The stratum corneum RNA is harvested by tape stripping, and then this RNA is converted to DNA and amplified by the enzyme reverse transcriptase. This allows the genes that are expressed in a lesion to be identified via microarray-based gene expression profiling to create a multi-gene classifier.
"Though this technique is in its early stages, preliminary results using this technique are promising, and demonstrate that one could distinguish melanoma from normal skin from a simple tape stripping, and that there are differences in the gene profile among the atypical nevi.
"It was found that a 20-gene classifier could accurately discriminate melanoma from atypical nevi," Dr. Rabinovitz tells Dermatology Times. He says this diagnostic tool shows promise in discerning melanoma from atypical nevi.
MelaFind is a device that uses machine vision - a computer-automated analysis of pigmented skin lesions.
The goal is to have a reliable, noninvasive, practical diagnostic tool to aid in the detection of melanoma, to help save patients' lives and reduce the number of unnecessary biopsies.
"The MelaFind device emits multiple wavelengths of light, and captures digital images of lesions, analyzes them and separates pigmented lesions from melanoma.
"These are multi-spectral bands which range from blue through near infrared," Dr. Rabinovitz says.
In a blinded test study done with this device, 54 melanoma, 22 high-graded dysplastic nevi and 486 other pigmented skin lesions were analyzed.
Results showed that the dermatologist, in terms of the sensitivity, was 98.1 percent on target in diagnosing the lesions, missing one invasive melanoma.
The computer was also 98.1 percent accurate, missing one melanoma in situ. However, the specificities were markedly different.
Dr. Rabinovitz says this is the only device that is currently undergoing phase 3 Food and Drug Administration (FDA) trials, and the guidelines are strict.
The primary endpoint of the MelaFind study is a 99 percent diagnosis of 100 melanomas. The MelaFind specificity must be superior to the specificity of the study dermatologist in order for the device to be approved by the FDA.

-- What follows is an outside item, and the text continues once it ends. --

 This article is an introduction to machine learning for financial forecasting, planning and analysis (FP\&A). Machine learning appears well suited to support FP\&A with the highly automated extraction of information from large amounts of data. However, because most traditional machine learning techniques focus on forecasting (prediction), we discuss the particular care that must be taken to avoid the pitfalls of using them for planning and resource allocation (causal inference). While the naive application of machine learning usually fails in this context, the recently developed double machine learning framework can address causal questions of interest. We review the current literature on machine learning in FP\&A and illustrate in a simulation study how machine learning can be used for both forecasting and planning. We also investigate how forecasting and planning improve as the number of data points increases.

The confocal microscope works by emitting a laser beam of light that, when it hits the skin, is reflected back into an aperture. Through this sight, one can see layers of the skin and detailed anatomy of the epidermal-dermal junction.

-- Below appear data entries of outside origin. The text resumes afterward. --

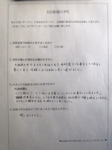 素早く作業をして下さり、値引きまでして頂き、本当に感謝です。』
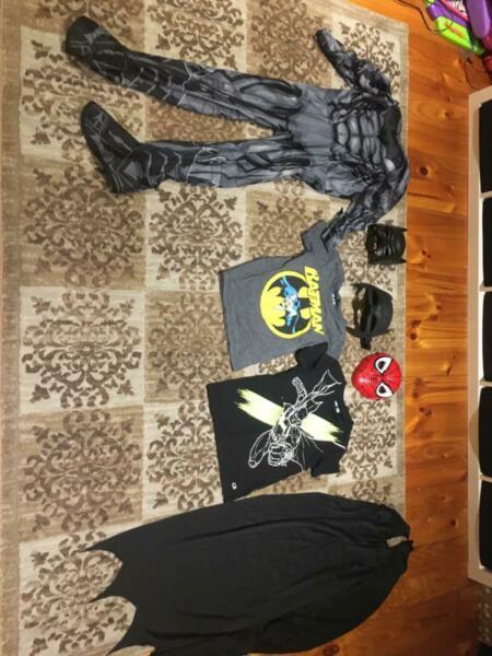2 masks, 2 tee shirts (size 6), cape and full outfit
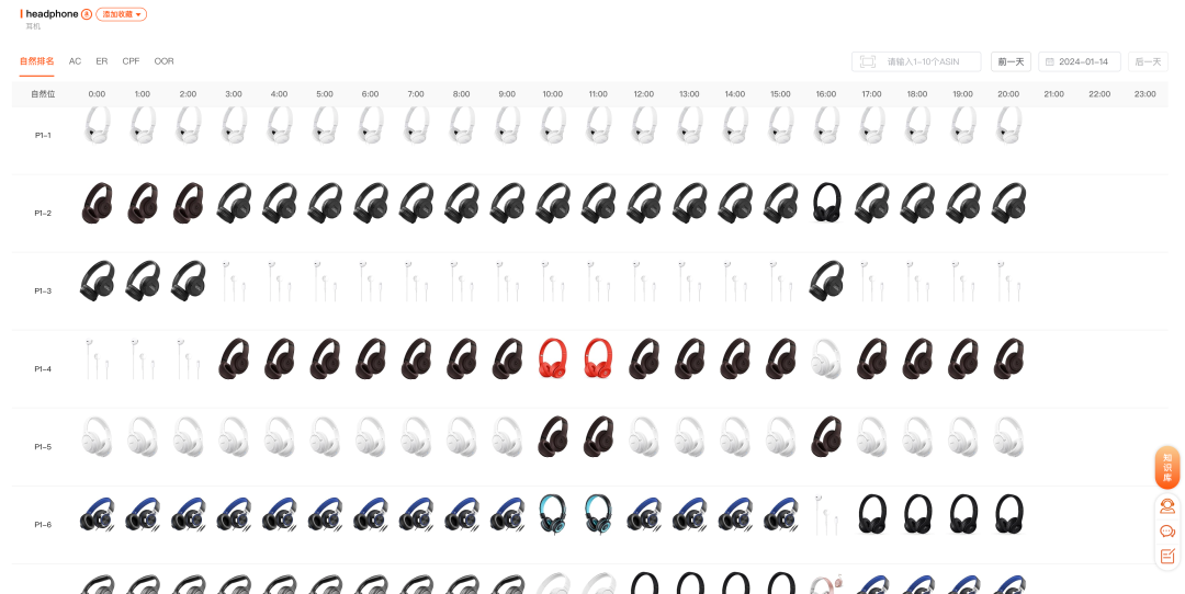 在自然放映机中, 我们能够看到每小时自然位置上的ASIN都是哪些。我们能够知道ASIN自然排名越靠前,自然排名越稳定。

"It is an exciting tool, because it potentially allows you to do virtual pathology," Dr. Rabinovitz says.
The confocal may be limited in evaluating the depth of a lesion, but in most lesions, it is important to visualize what is happening in the epidermis or at the dermal-epidermal junction.
"Unlike the gene profiling and MelaFind techniques, which are designed to assist in the early diagnosis of melanoma, the confocal microscope does not only look at melanoma, but it can also help diagnose a whole array of different types of skin diseases, from pigmented lesions to inflammatory dermatoses, helping the clinician learn from disease processes," Dr. Rabinovitz says.
Disclosures: Dr. Rabinovitz is medical director for Electro-Optical Sciences, a clinical investigator and consultant for DermTech (tape stripping), and a clinical investigator for Lucid (confocal microscope).